I've been talking up superfoods all month. For most of us in temperate regions, our bodies are transitioning from the rigors of winter into the working season (even if we're working indoors at desks now). Wild greens—many known as "weeds" by the establishment such as stinging nettles and dandelions—aid that transition. They're high in vitamins and minerals; they have lots of fiber and protein. Folks of yore knew all about them. They made teas and tonics of the superfoods and ate them like vegetables.
Besides the obvious health benefits, there are more modern reasons to harvest wild superfoods. Take a look at my lawn from the street and it looks okay. Not great, but not overrun by so-called weeds. Look a little closer and you'll see plenty of robust green weed clusters competing with the frail grass, dandelions especially. Only these dandelions don't have the hydra-like yellow manes to give them away and irritate the neighbors. Where did all the flowers go?
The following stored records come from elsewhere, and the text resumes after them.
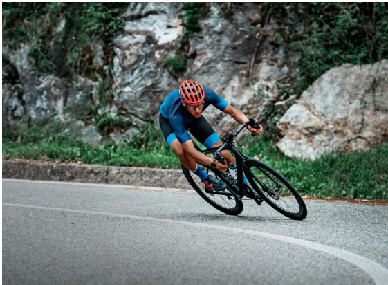
我们重视健康和福祉
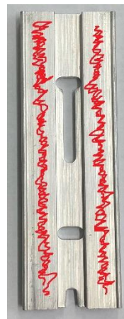
ilustrační foto nanesení lepidla na zadní desku
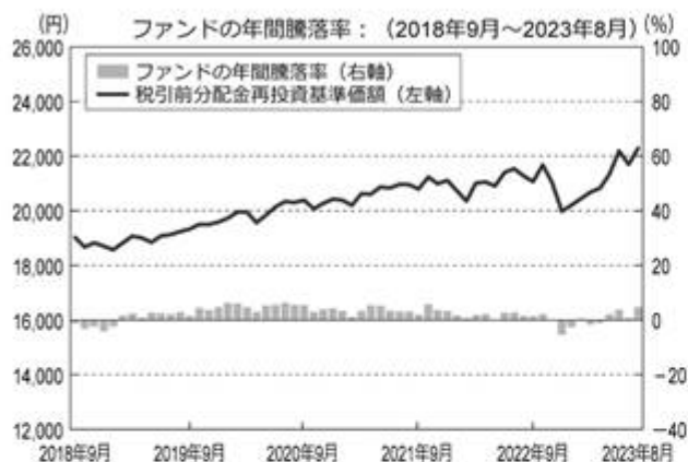
<ファンドの年間騰落率および分配金再投資基準価額の推移>
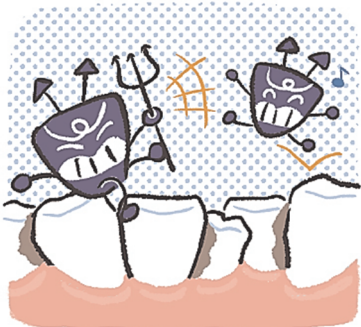
は 歯がでこぼこ している場所

た 食べた後の歯の汚れを、 は 歯みがきで落としましょう。 は 歯ブラシをえんぴつのように も 持ち、細かく動かすときれ いにみがけます。 まいにち 毎日みがきましょう！
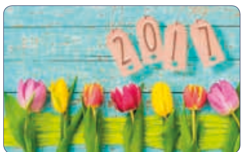
TULIPES | n° 26 719 - Plastifié n° 26 119 - Polyester laminé
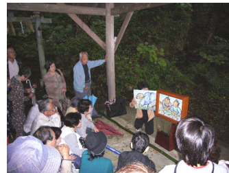
妻戸神社にて紙芝居
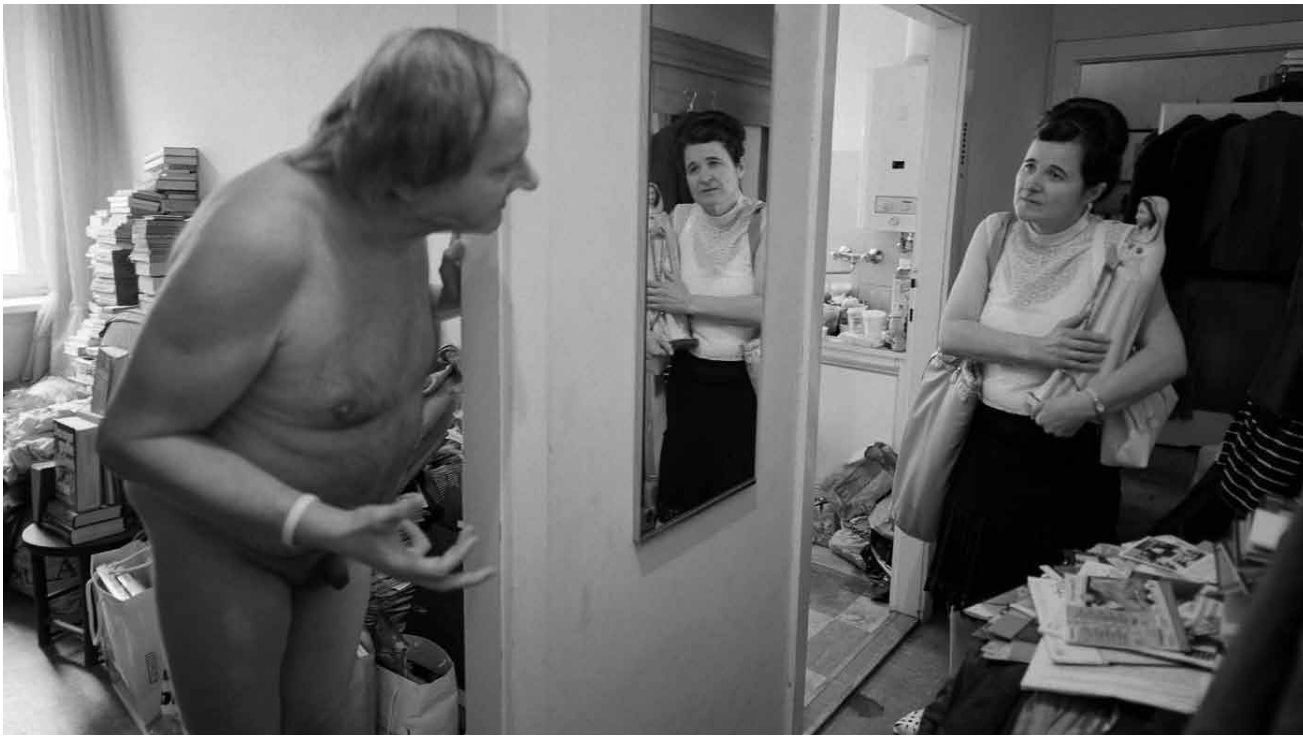
Die Muttergottes liebt auch die Nackten ...
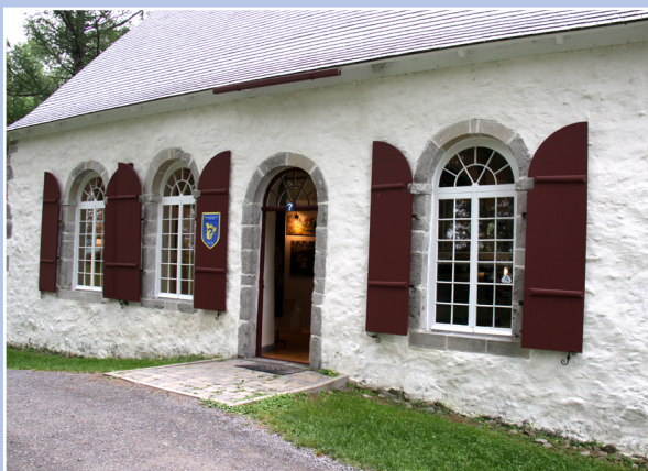
Bureau touristique aménagé dans la chapelle Cuthbert, Berthierville

On peut penser que le voyageur qui fréquente le réseau des villages-relais souhaite rendre son expérience de déplacement plus agréable. Curieux de nature, il est peut-être même prêt à faire un détour pour connaître de nouveaux coins de pays, redécouvrir un village qu'il a jadis fréquenté ou revenir vers un lieu qu'il apprécie particulièrement. Il accorde de l'importance à la qualité du paysage et de l'environnement. Il apprécie l'authenticité, le contact personnalisé et cherche à rencontrer des gens ancrés dans leur milieu. Chose certaine, ce voyageur s'intéresse au territoire et à ses habitants. Il y a fort à parier que les sites historiques, les milieux naturels et le terroir l'interpellent. En somme, le nouveau réseau de villages-relais propose un environnement de qualité aux usagers de la route.
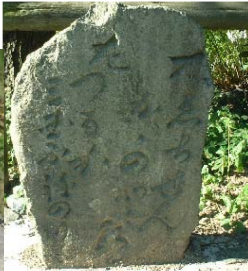
関所跡の石碑と道標

道(刀根越え)の分岐点(「右えちぜん かが のと道 左つるが 三国ふねのりば」と書かれた道標(写真)が残る)として重視され、江戸時代の初期より関所が設置されていました。関所とは、要路または国境に設けて、通行人、通過貨物を検査し、脱出や進入に備えたところで、律令時代に治安維持のため制度化されたのが始まりです。関所破りは重罪に処せられたようです。柳ヶ瀬の関は、彦根藩の支配下にあり、五十石取りの武士2人と番役8人が管理し、夜間の通行は一切許さず、女改めが特に厳しかったといわれます。江戸時代に老中より出された、関所を管理していた役人に対する掟が今も残されています。
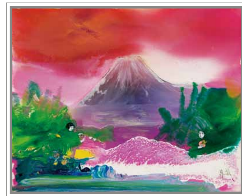
神秘的な富士山 油彩 25F

画業50周年記念 マークエステル展 10/19(月)▶25(日) 10:30~18:00 作家来場
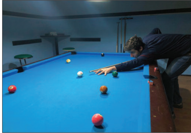
Матија Обрадовић краљевачки Рони О'Саливен

- У Београду су билијар клубови најбољи у Србији, самим
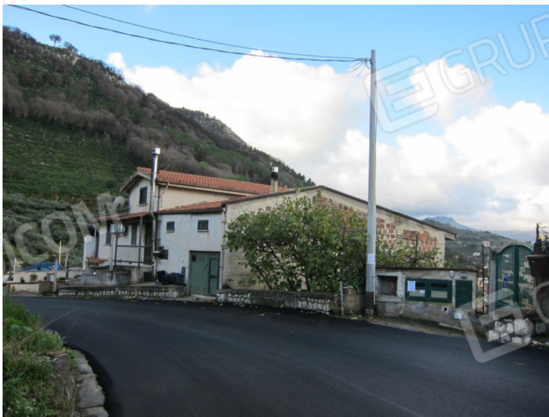
2. Prospetto su strada
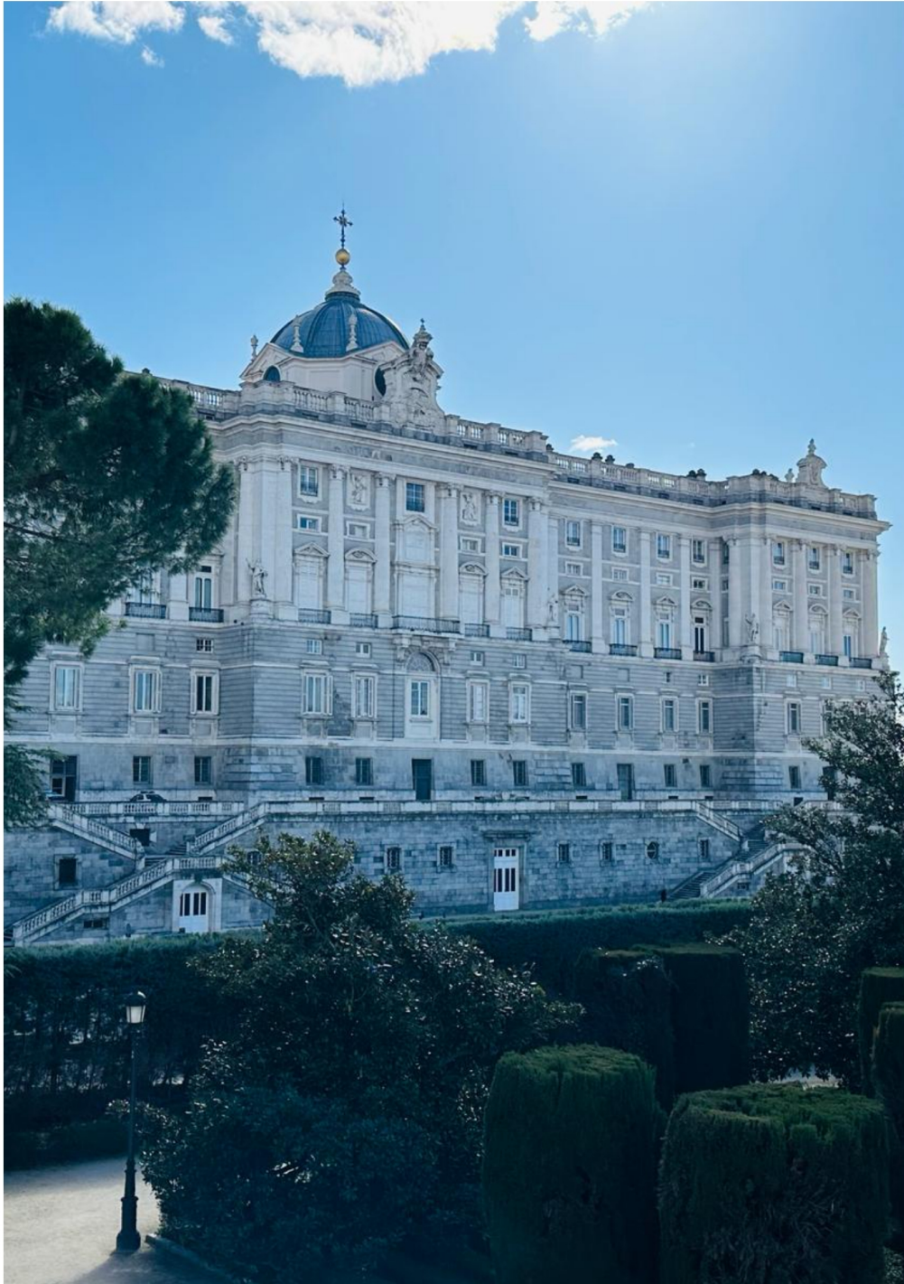
M a d r y t
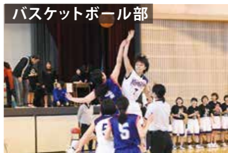
バスケットボール部

令和元年度 インターハイ走高跳出場 関東大会出場、走高跳4位 関東選抜大会5000m競歩3位入賞
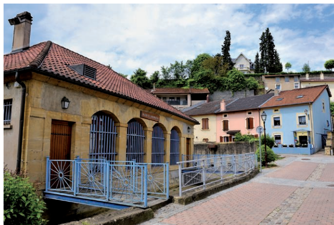
Parking : ancien lavoir de Fontoy

Le circuit du Woess vous transportera le temps d'une promenade des mérovingiens aux mines de fer.
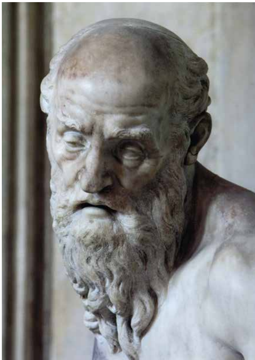
7. Parigi, Musée du Louvre, Anonimo, Busto virile, particolare , sec. XIX.
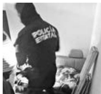
SE DIO aviso a las autoridades quienes tomaron nota de lo ocurrido.

lle San Fernando y San Jacinto, en el Fraccionamiento San Jacinto, en el municipio de Altamira.
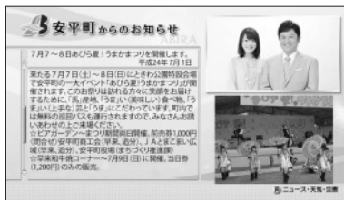
↑ネット On 画面
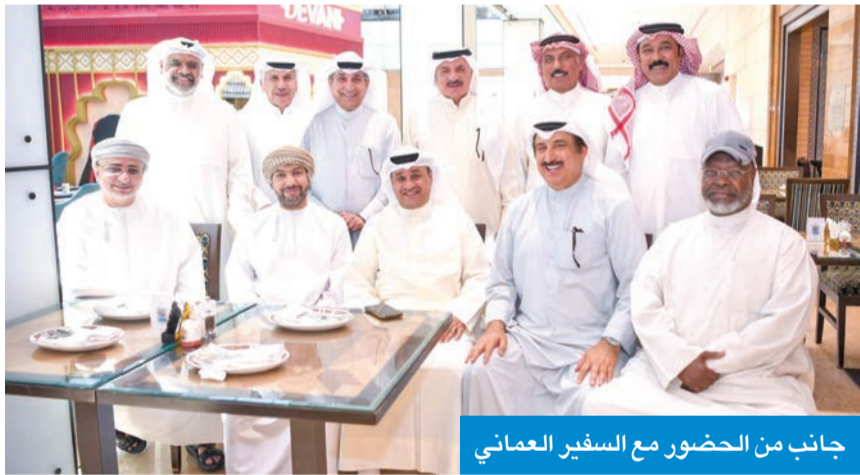
جانب من الحضور مع السفير العماني
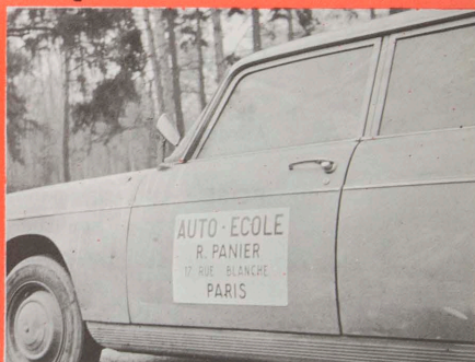
Pour l'Auto Ecole une publicité mobile
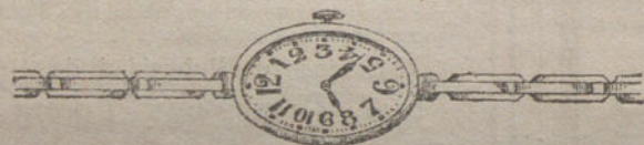
Núm. 5.—Oro de ley 18 quilates, forma ovalada, áncora de precisión, pulsera extensible. Pesetas 375.
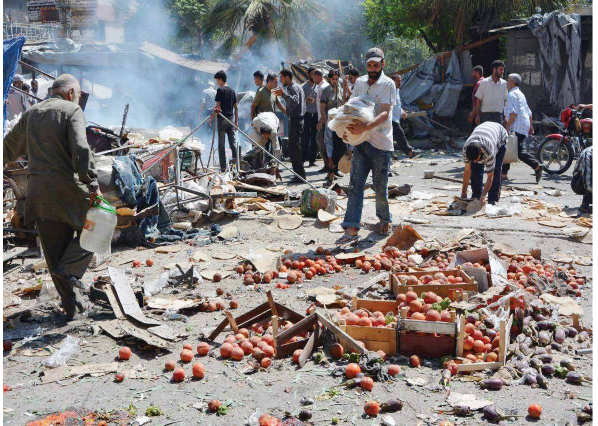
روسيا تحاول إنهاء مظاهر الحياة في مناطق سيطرة المعارضة

حلب... المعارضة تقترب من «الهدف المرحلي» في الريف الجنوبي وتردد «وحدات الحماية» في الريف الشمالي

Into my belly, is where. Just a few minutes of snip-snip-snipping out in the front yard and I had enough for an omelet (i.e. a half cup of buds for a small 2-egg omelet). I targeted all the buds that were partially open, with flower stalks exposed halfway down the buds. You can use closed buds as well, but I figured I'd get the first round of ready-to-bloom dandies and then harvest another batch in a few days. Clip off the stem, saute in butter a few minutes (until they fully open) and pour in the eggs. As easy as that.
The taste of a fried dandelion bud is hard to explain. It's certainly not your usual domesticated fare—it's savory with a touch of bite, though not bitter, and earthy like wild mushrooms. In an omelet, it's dandelicious. Said Marty: "What's that flavor? It's like a burst of spring, almost citrusy. Like nibbling on a little bit of sunshine."
Just one more reason to let your lawn do its own thing.